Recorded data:
***
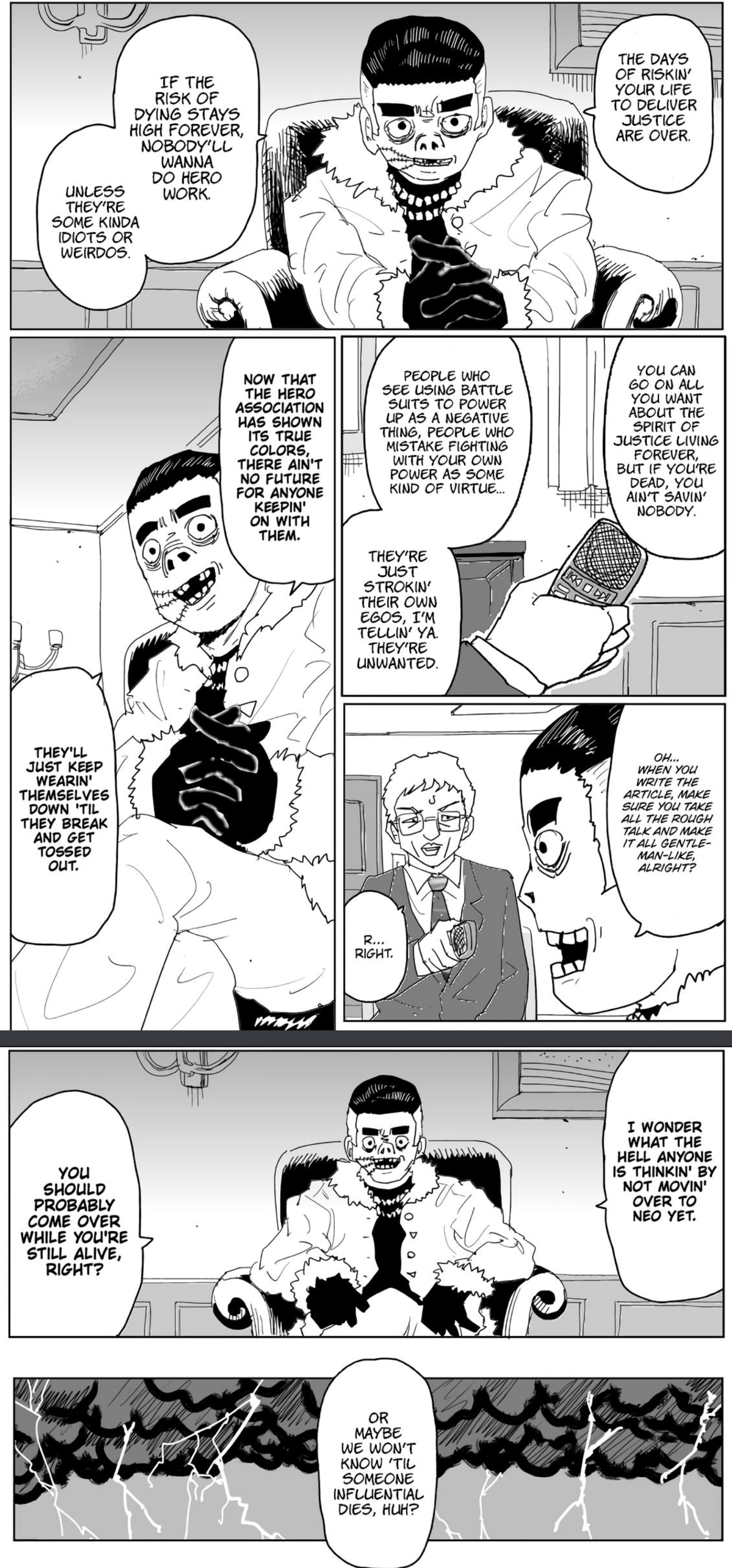 Anyone else think that Saitama is actually going to leave the Hero's Association permanently? I bet he'll join Sweet Mask's network of outcasts due to politicking keeping him from returning
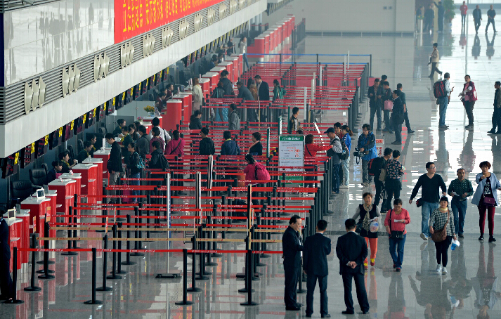 10月10日,旅客在石家庄国际机场2号航站楼内办理登机手续
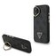 Guess PU 4G Strass Triangle Logo Stand Camera Frame MagSafe Zadní Kryt pro iPhone 16 Black
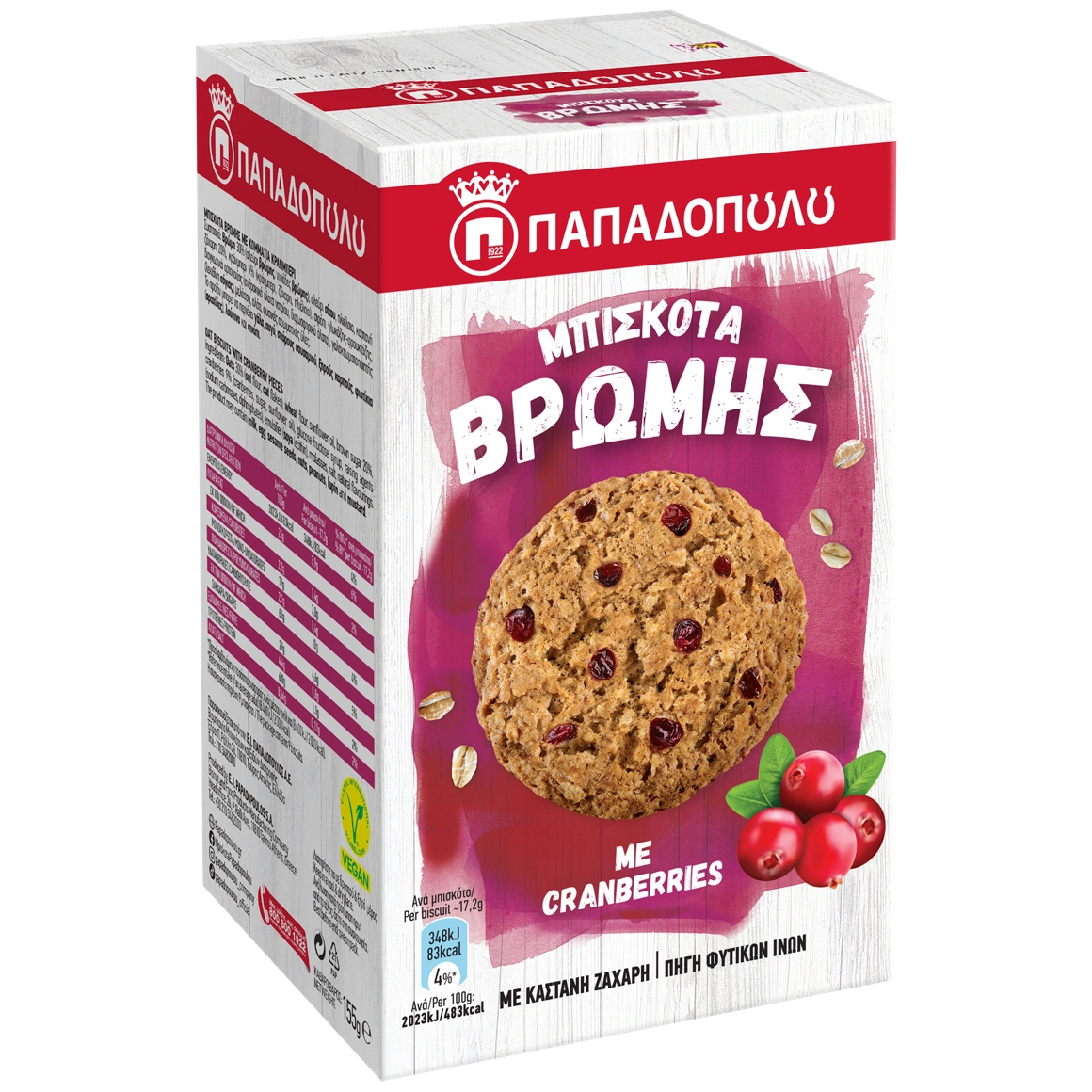 Τα νέα Μπισκότα Βρώμης Παπαδοπούλου με Cranberries έρχονται να κερδίσουν την προτίμησή μας με μία σειρά από οφέλη: αποτελούν πηγή φυτικών ινών και περιέχουν καστανή ζάχαρη και φυσικές αρωματικές ύλες!
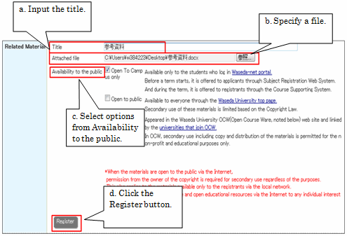 Note that any related materials registered in the Edit Syllabus window are automatically uploaded to the Course Edit window of Course N@vi, so that they can be published to the students taking the course just like course outlines.
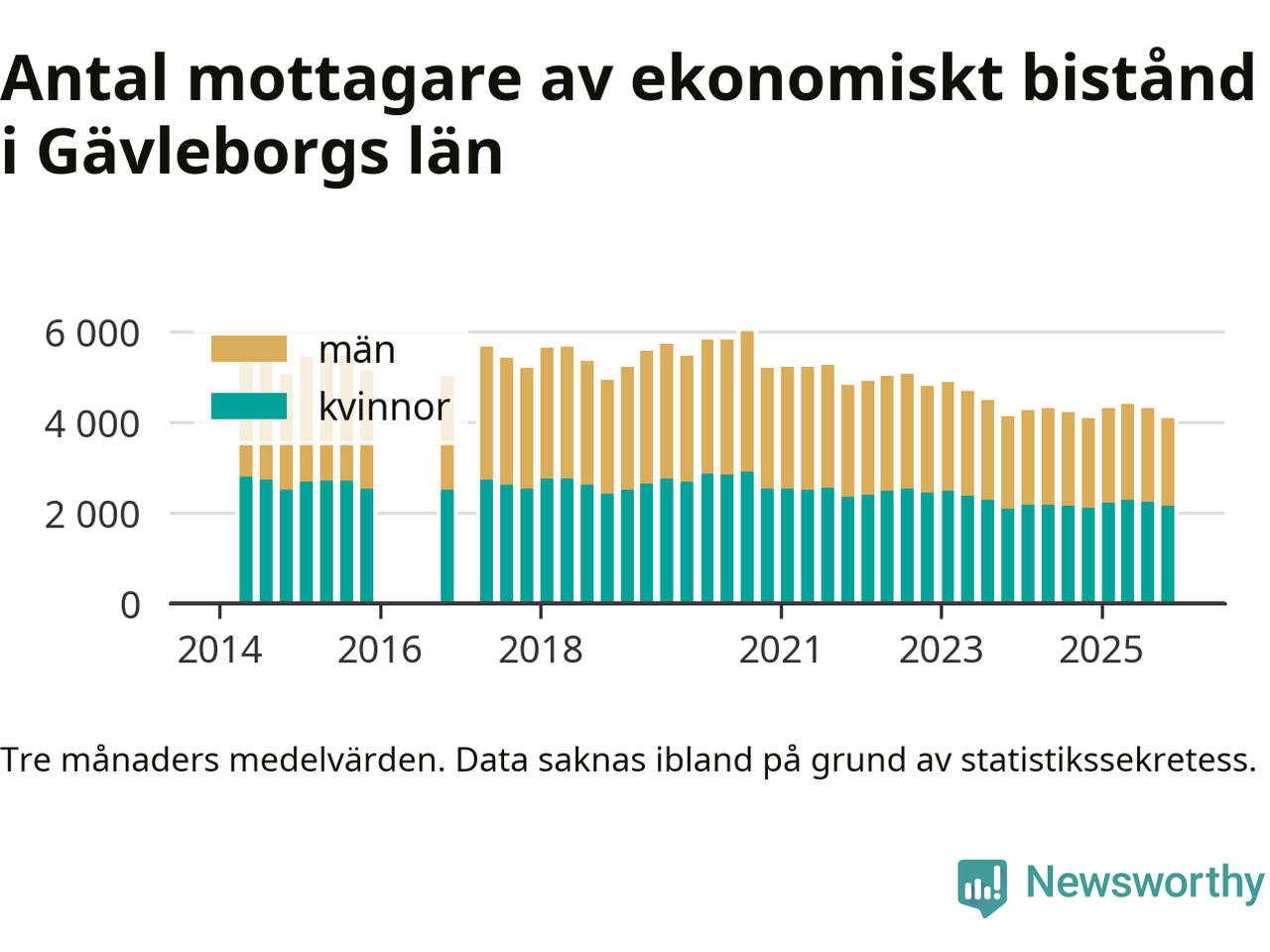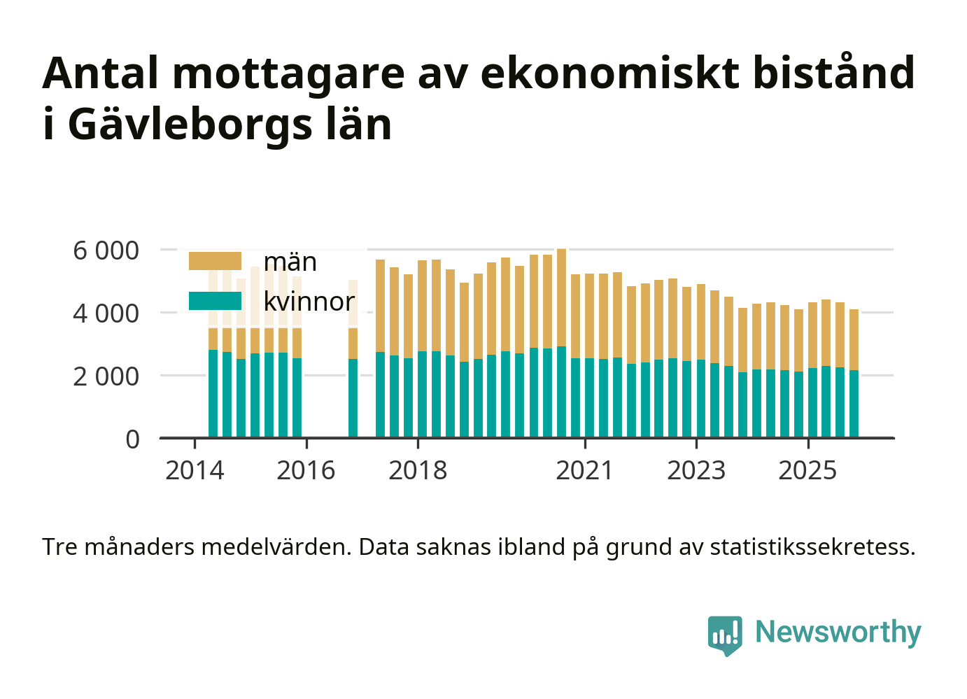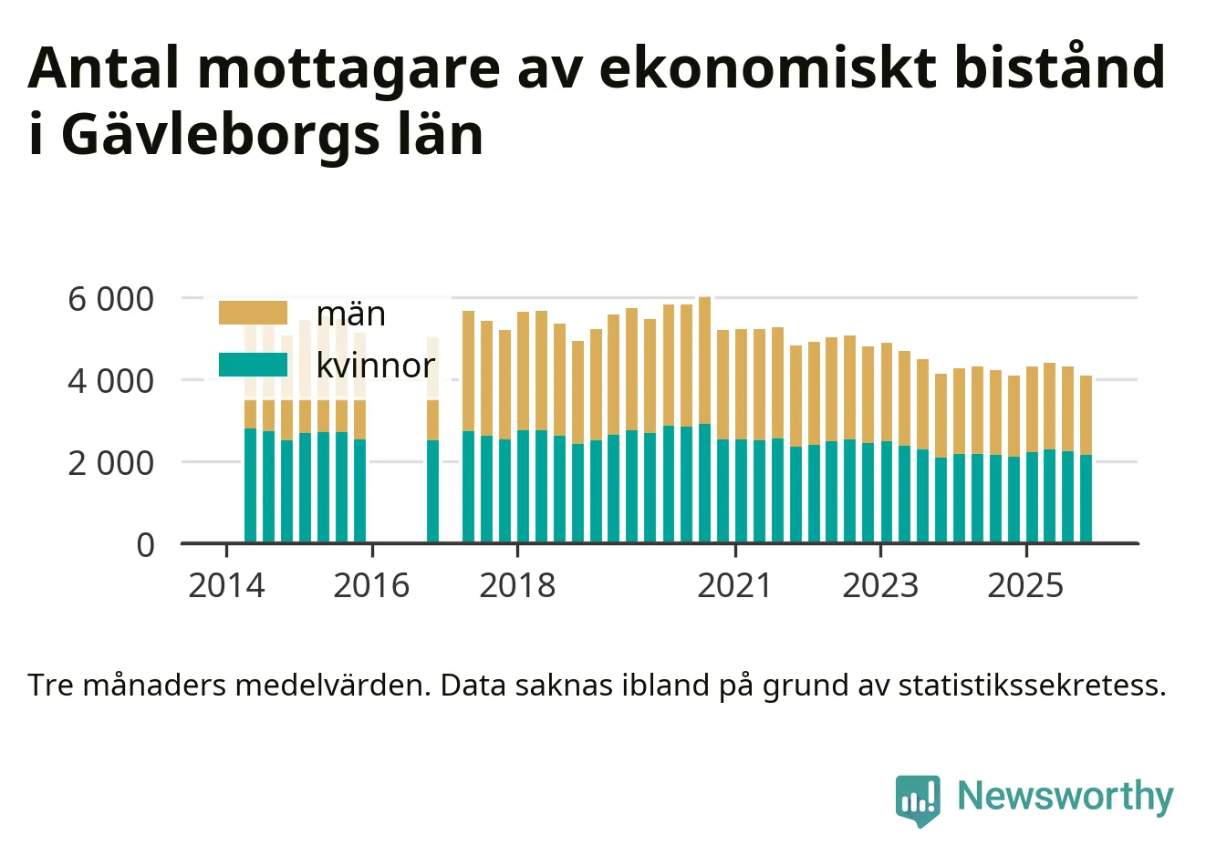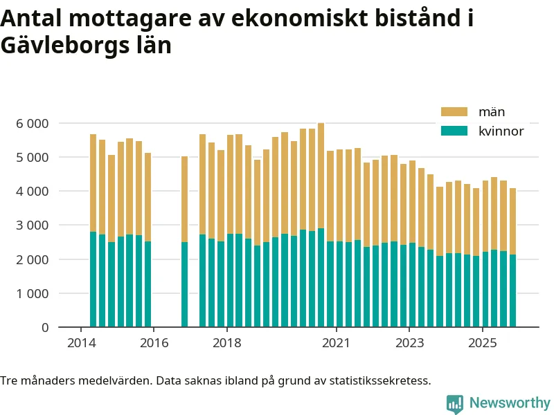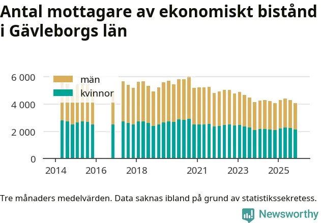 Andelen invånare med ekonomiskt bistånd i Gävleborgs län var under hösten den lägsta sedan åtminstone 2014. Det visar den senaste, preliminära statistiken från Socialstyrelsen.
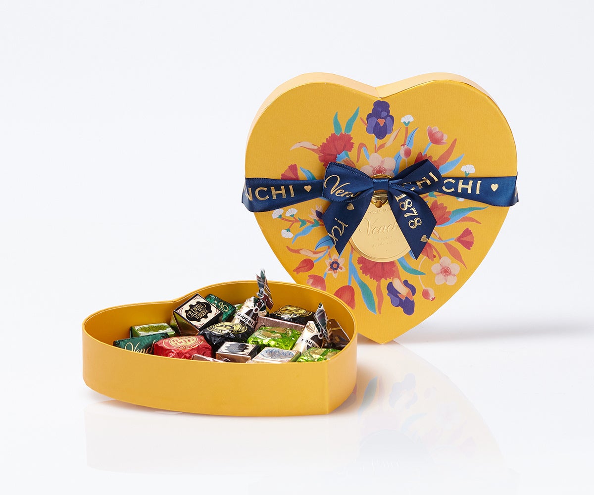 色とりどりの花々が咲き誇るハート型のギフトボックス。10種類19個のチョコレートをバランスよく詰め合わせました。
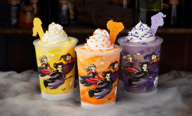 Available now through Halloween, the shakes each feature the distinctive personalities of the sisters. Sarah’s Chilling Churro Shake combines Churro Crunchies with cinnamon-sugar churro ice cream, topped with yellow sprinkles. Winnie’s Glorious Cake Batter Shake mixes up cake batter ice cream, topped with orange sprinkles. And Mary’s Divine Cookies & Cream Shake blends vanilla with cookie and cream pieces, topped with violet sprinkles.
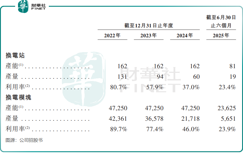 這一變化導致奧動新能源的產能利用率大幅下滑,換電站生產利用率從2022年的80.7%驟降至2025年上半年的23.4%,換電模塊利用率也從89.7%跌至23.9%。產能閑置推高了公司單位成本的同時,設備銷售收入也連續三年萎縮,到2025年上半年僅佔總營收的17.1%。
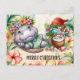 Hippo Hawaii Christmas Greeting Holiday Postcard
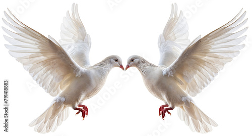 Two white doves flying face to face as a symbol for love and wedding, isolated on a transparent background
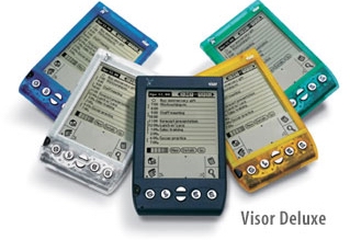 99年成立的handspring在2000年推出了自己的第一款palm产品:Visor Delux。一口气推出了五种颜色炫丽的外型,搭配略为透明的外壳,在Palm业界又掀起一片波澜-原来palm也可以这样时尚美丽。令人兴奋的是,连同步底座都是透明的雾白色。Visor Deluxe几乎成为年轻学子或新鲜人类最种意的机种。
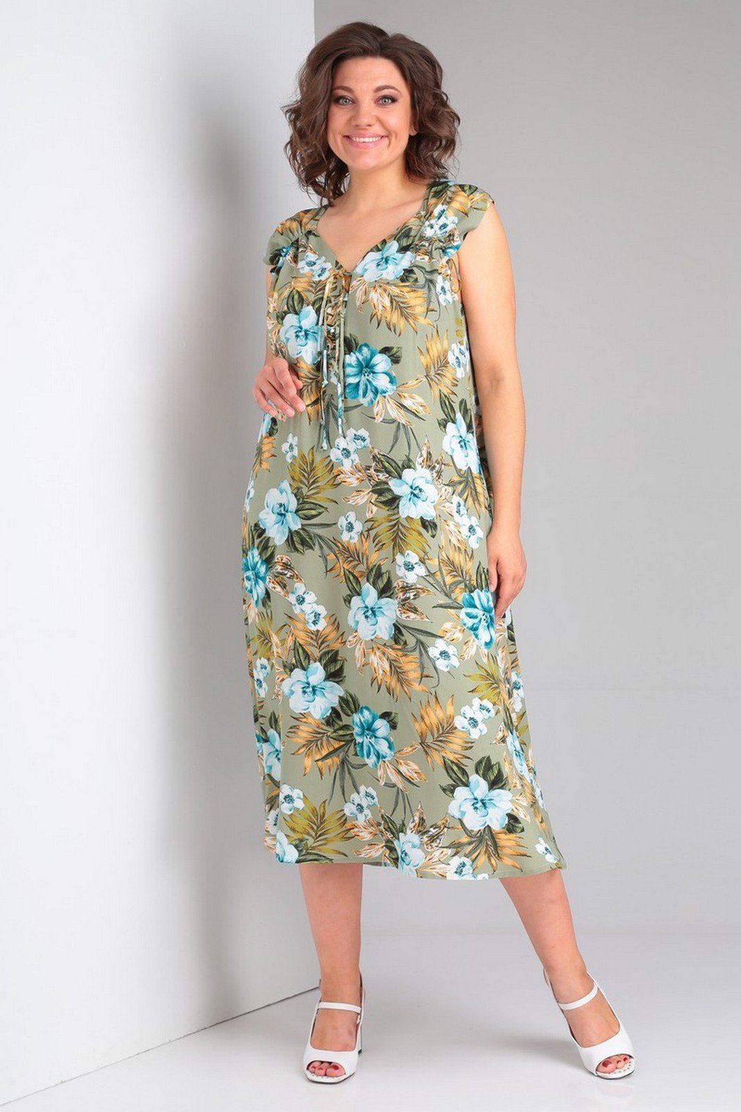 Платье выполнено из мягкой штапельной ткани устойчивой окраски. Рекомендуется вертикальная сушка.
***
Task item:
Write out the entries above verbatim, without pictures.

Response to the task:
 Anyone else think that Saitama is actually going to leave the Hero's Association permanently? I bet he'll join Sweet Mask's network of outcasts due to politicking keeping him from returning
 10月10日,旅客在石家庄国际机场2号航站楼内办理登机手续
 Guess PU 4G Strass Triangle Logo Stand Camera Frame MagSafe Zadní Kryt pro iPhone 16 Black
 Τα νέα Μπισκότα Βρώμης Παπαδοπούλου με Cranberries έρχονται να κερδίσουν την προτίμησή μας με μία σειρά από οφέλη: αποτελούν πηγή φυτικών ινών και περιέχουν καστανή ζάχαρη και φυσικές αρωματικές ύλες!
 Note that any related materials registered in the Edit Syllabus window are automatically uploaded to the Course Edit window of Course N@vi, so that they can be published to the students taking the course just like course outlines.
 Andelen invånare med ekonomiskt bistånd i Gävleborgs län var under hösten den lägsta sedan åtminstone 2014. Det visar den senaste, preliminära statistiken från Socialstyrelsen.
 色とりどりの花々が咲き誇るハート型のギフトボックス。10種類19個のチョコレートをバランスよく詰め合わせました。
 Available now through Halloween, the shakes each feature the distinctive personalities of the sisters. Sarah’s Chilling Churro Shake combines Churro Crunchies with cinnamon-sugar churro ice cream, topped with yellow sprinkles. Winnie’s Glorious Cake Batter Shake mixes up cake batter ice cream, topped with orange sprinkles. And Mary’s Divine Cookies & Cream Shake blends vanilla with cookie and cream pieces, topped with violet sprinkles.
 這一變化導致奧動新能源的產能利用率大幅下滑,換電站生產利用率從2022年的80.7%驟降至2025年上半年的23.4%,換電模塊利用率也從89.7%跌至23.9%。產能閑置推高了公司單位成本的同時,設備銷售收入也連續三年萎縮,到2025年上半年僅佔總營收的17.1%。
 Hippo Hawaii Christmas Greeting Holiday Postcard
 Two white doves flying face to face as a symbol for love and wedding, isolated on a transparent background
 99年成立的handspring在2000年推出了自己的第一款palm产品:Visor Delux。一口气推出了五种颜色炫丽的外型,搭配略为透明的外壳,在Palm业界又掀起一片波澜-原来palm也可以这样时尚美丽。令人兴奋的是,连同步底座都是透明的雾白色。Visor Deluxe几乎成为年轻学子或新鲜人类最种意的机种。
 Платье выполнено из мягкой штапельной ткани устойчивой окраски. Рекомендуется вертикальная сушка.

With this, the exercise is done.